How I lost my junk mail battle
Do you also have a “No Advertising” sticker on your letter box? In Switzerland, almost every second household has one - in hopes of forestalling the flood of unwanted material delivered free of charge to homes. But the deterrence effect of such stickers is minimal. At my home too!
Although these advertisements keep us up to date not only on the development of products and services, they also – again and again and again – urge us to participate in competitions and lotteries.
Thus, many exasperated Swiss – and in the meantime, many immigrants too – invest time and money to keep these materials out of their letter boxes.
In our housing estate the property management prohibits the willy-nilly plastering of stickers on the letter boxes. The sole exception is for the sticker that reads “Stopp-Reklame” (“No Advertising”), which are available at shops in three-packs for the sum of CHF2.7 ($3).
Now, because I do not own a second or third property, in other words, I do not have more than one letter box, I wonder what’s to be done with the second and third stickers.
To me, it seems legitimate to exercise the option of using them as ‘advertisements against advertisements’, perhaps affixing them to neighbouring letter boxes that have not (yet) put up the good fight against annoying advertising materials.
swissinfo.ch invited Espace Media, the publisher of the Bernerbär free newspaper, to provide a comment.
Which they did, with a wink: “The Bernerbär realises that a ‘black dot’ means the paper is not wanted.
It understands that the ‘red dot’ means please deliver. Thumbs up for the Bernerbär!”
Freesheets
As for my own “No Advertising” sticker, it has shown little indication of being effective, and most definitely not against the free newspapers cluttering up my letter box.
So, I bought a new sticker, this one with the message “No Free Newspapers”, shelling out for the second time the grand sum of CHF2.7.
On that very same day – without asking our property management for permission – I put the “No Free Newspapers” sticker next to the “No Advertising” sticker.
Alas, it didn’t do much good.
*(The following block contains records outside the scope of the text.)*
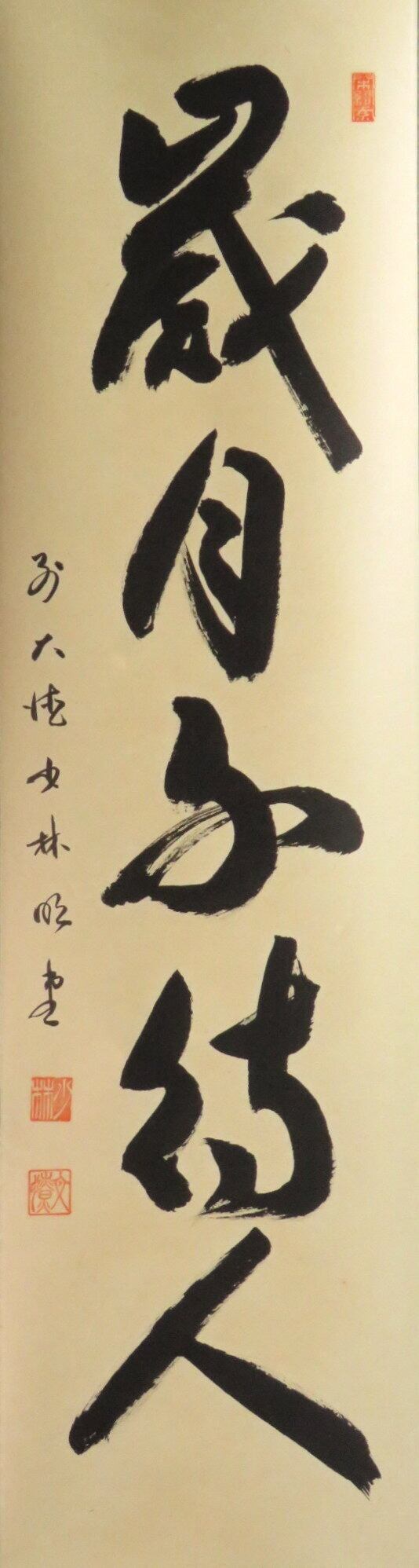 掛軸 臨済宗大徳寺派 少林寺 横井明堂和尚 一行書「歳月不待人」尺巾 現代作家新作掛軸 JY1428
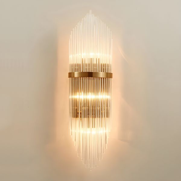 Art Deco Crystal Wall Sconce, Modern Stainless Steel Fixture with K9 Glass Rods - Left 110V-120V Gold
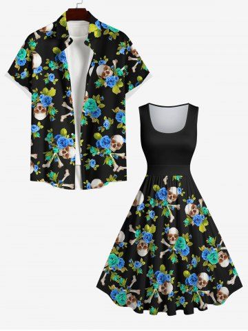 Plus Size Skulls Rose Flower Leaf Print 1950s Vnintage Dress - Black - 4x
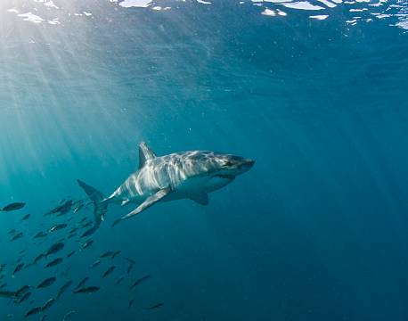 De absolut bedste chancer for at se en stor hvid haj er langs Sydafrikas kyst mellem Port Elizabeth og Cape Town, der har en stor bestand, som i øvrigt har vist sig at hænge sammen med bestanden i det vestlige Australien, hvorimellem nogle individer vandrer tværs over Det Indiske Ocean.

The very next day, the freesheet “Bernerbär” (“Bernese Bear”) was once again ensconced in my letter box.
Completely fed up, I grabbed the telephone to call those responsible and ask if their delivery person perhaps had problems seeing or reading.
Black humour?
“The two stickers are insufficient,” the friendly lady on the other end of the telephone patiently explained. Only a “black dot,” she said, would stop delivery of the” Bernerbär.”
“At least you have a sense of humour,” I responded, certain she was pulling my leg. ”No, I’m not joking,” she insisted, then promised to mail me the aforementioned “black dot.”
Somewhat worried about ending up an unwitting participant in a hidden camera hoax – the laughingstock of the nation – I nevertheless duly applied the said “black dot” to my letter box, which incidentally had been mailed to me that very same week by the Direct Mail Company.
I put it next to the other two stickers already adorning my post box. Amazingly, since then, the “Bernerbär” has (mostly) not made an appearance.
However, the free church weekly “Journal of the Roman Catholic Parishes” is apparently unimpressed by the “black point”. That paper is still being delivered regularly. Perhaps the problem lies in the colour of the dot?
As for the charitable appeals of the local Social Democratic Party that continue to land in my post box, I will attempt, with the assistance of a “red dot”, (red being the party colour) to symbolically bid adieu to these mailings.
Furthermore, I have promised to buy myself a “green dot,” to rid myself of the ever more diverse and plentiful advertisements for organic this and thats showing up in my letter box.
I am also irresolutely on the lookout for a colour that will put a stop to the mailings of the rightwing Swiss People’s Party. Maybe orange, because it’s trendy?
Or black and white, to reflect their worldview? Just possibly, I might decide on a mix of the two.